You may hear the names CUSMA, USMCA and MUSCA for this agreement. All three names refer to the same agreement. While in Canada it is known as CUSMA; in the US it is called United States-Mexico-Canada Agreement (USMCA) and in Mexico, it is referred to as MUSCA. CUSMA is a modernization of NAFTA and provides improved procedures to make it easier for goods to move across Canada, USA and Mexico borders.

So, what has changed?

While a lot remains unchanged from the original NAFTA or has been updated to better project how international trade currently works, there are some significant changes too. Below are a few highlights:

Certification of Origin

Unlike the NAFTA certificate of origin, CUSMA does not require a prescribed format. Certain data elements regarding certification of origin can be included in commercial invoices or any other documentation. The minimum data elements should include information about the exporter/importer/producer, description and tariff classification of goods, origin criteria, and blanket period(for multiple shipments of identical goods for a specified period of up to 12 months). This certification may be completed by the exporter, producer or importer of the goods. It may be submitted electronically. You can find more information on the certificate of origin and an example of the certification here.

Auto Sector

The revised rules focus on maintaining a large North American content in the auto sector. The total North American content in vehicles has gone from 62.5% (Under NAFTA) to 75%. 70% of all steel and aluminum used in auto production needs to originate in North America. 40% of a passenger car (45% in the case of a light truck) must be produced by workers paid an average labour wage of USD $16/hour.

De minimis threshold

De Minimis duties and taxes have changed for shipments under CUSMA. Canada has agreed to $150 for customs duties and $40 for taxes. This rule only applies to goods shipped from USor Mexico to Canada by courier.

Dispute Settlement

The dispute settlement chapter details the mechanism for resolving disputes between the member countries. Disagreements are to be resolved via cooperative means such as consultations. However, if these do not work out, the agreement provides for arbitral panels.


The agri-food sector is a key element in the Canadian economic story and it has seen incredible growth in the past two decades in North America. Canada has protected the supply management system for dairy farmers. New USA market access has been provided to Canada for refined sugar and sugar-containing products, as well as certain dairy products. The USA has been provided new access to the Canadian market for dairy, poultry, and egg products. If you export agricultural or agri-food products and are interested in finding out more, you can find details here.

Digital trade

The digital landscape has changed during the past few years with the increase in e-commerce activities. CUSMA reflects the present digital trade realities. Customs duties, fees, or other charges on or in connection with the importation or exportation of digital products transmitted electronically will not be allowed. It also protects against forced disclosure of proprietary source code and algorithms.

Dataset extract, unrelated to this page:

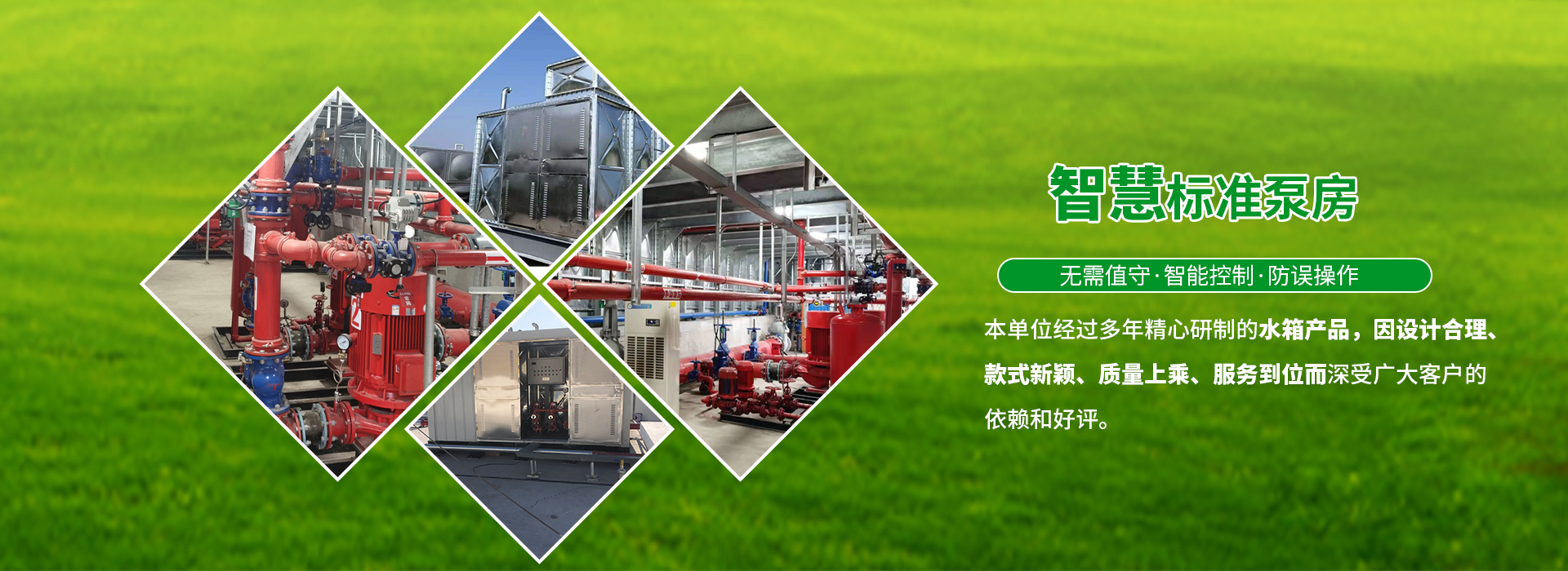 我公司擁有十多種產品,主要包括:不銹鋼水箱、大模塊裝配式水箱、智慧標準泵房、生活供水設備、消防箱泵一體化設備、消防穩壓設備、不銹鋼隔油池、污水提升預制泵站、水箱消毒器、氣壓罐等。

CUSMA includes a formal review of the agreement every six years. While the agreement will terminate after 16 years, the Parties to CUSMA can agree to extend it for a further 16 years after each regular review.

The North American trade bloc offers immense opportunities to women exporters. USA and Canada have a unique trade relationship because of several factors including a common language and shared connections. These shared commonalities have encouraged and supported close trade connections. About 75 percent of Canadian exports are to the USA. Several USA states such as Michigan, Illinois, California, and New York have close economic ties with Canada. For example, Michigan annually imports about $45.2 billion in goods from Canada. Mexico is also a priority market for Canadian exports. In 2018, Canada exported goods about $8.2 billion to this market. CUSMA is a step in the right direction and provides momentum to Canadian exporters by facilitating the trade process.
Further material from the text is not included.